Thursday, July 14, 2016

Crock Pot Mac & Cheese Recipe


2 cups of elbow macaroni
4 tablespoons real butter
1 cup of milk (I use 1%, but you can also use 2% or whole)
1 can condensed cheddar soup
2 1/2 cups grated sharp cheddar cheese
1/2 cup sour cream (I use reduced fat, but you can use any kind you prefer)
1/2 teaspoon of pepper
1/2 teaspoon of salt (Optional - I don't use salt in mine)


Spray crock pot lightly with cooking oil.  If you use a crock pot liner, then just spray the liner.

Boil macaroni for 6 minutes and drain pasta.

Melt cheese and butter together.  This can either be done using a medium saucepan, or in the crock pot on the "high" heat setting.  It takes longer to melt it in the crock pot, so if you choose to do it this way, then start melting your cheese and butter a little earlier)

Mix other ingredients (milk, cheddar soup, sour cream, and pepper) in bowl.

Add cheese and butter to crock pot.  (If melting in saucepan)

Turn crock pot temperature to "low."

Add other mixed ingredients to crock pot.  (It's okay if cheese is not completely melted in crock pot at this point)

Stir cheese, butter, and other ingredients together.

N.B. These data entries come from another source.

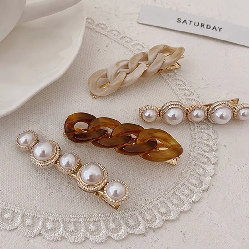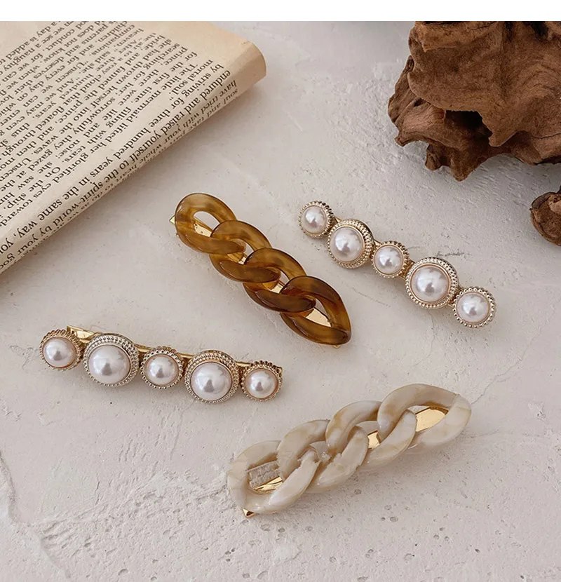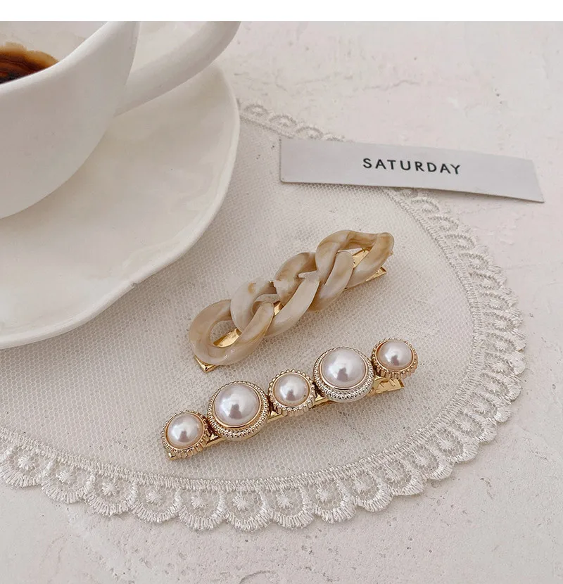 Заколки для волос с жемчужинами и цепочками женские, модные шпильки в Корейском стиле, аксессуары для волос, 2 шт.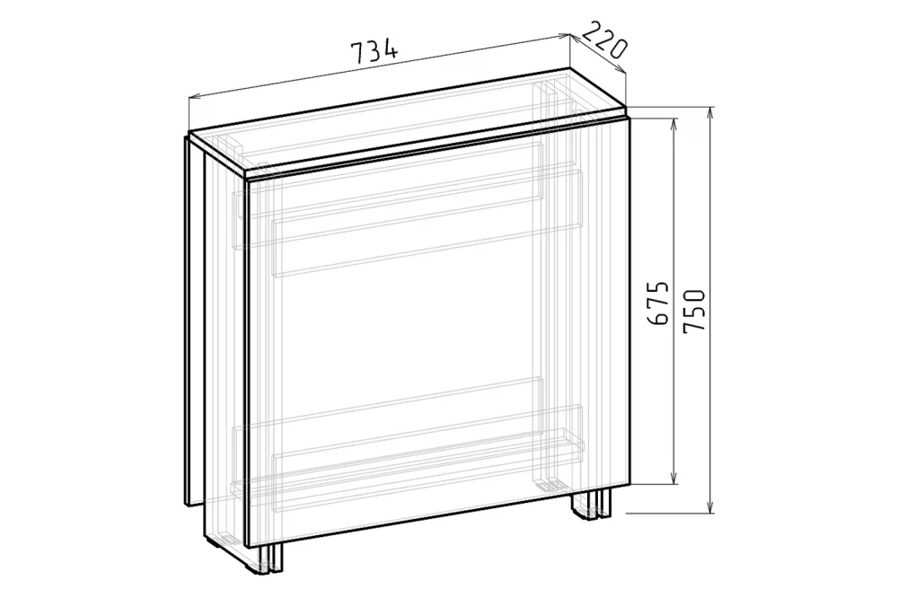 1570х735х750 мм
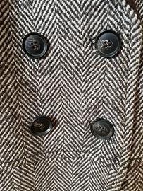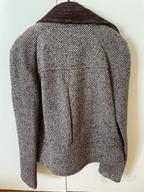 Sfiziosa giacchina corta in lana spigata nei toni del marrone, Mango collection. Il collo e i revers sono scamosciati color marrone scuro, così come le due taschine aperte sul davanti. È dotata di quattro bottoncini di chiusura sul davanti e completamente foderata in raso marrone scuro al suo interno. Taglia L, 44 IT.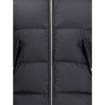 The Blas Short Down Jacket from Moncler x EE72 by Edward Enninful combines innovation and style in a clean, contemporary design. Crafted from Longue Saison with nylon laqué lining, it features a warm yet lightweight padding that ensures comfort and protection. Functional details such as adjustable side vents, internal suspenders, and a drawstring hem enhance its versatility. Finished with snap-button pockets and the iconic logo patch.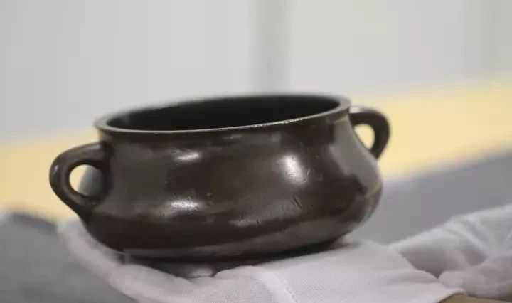 口沿一周起线,平沿内倾,恰如明式家具案面边抹均匀的“栏水线”,口沿下方束腰起线作双弦纹,经典的明式家具也有不少类似的在束腰上的处理。

Add the pasta and lightly stir again.

Cook on low for 1.5 hours, stirring frequently (approximately every 20 minutes).

Live with what you love.

(The picture used is not an actual picture of my mac & cheese.  The reason for this is that I decided last minute to share my recipe for National Mac & Cheese Day, but I do not have any pictures from past times of having made it.)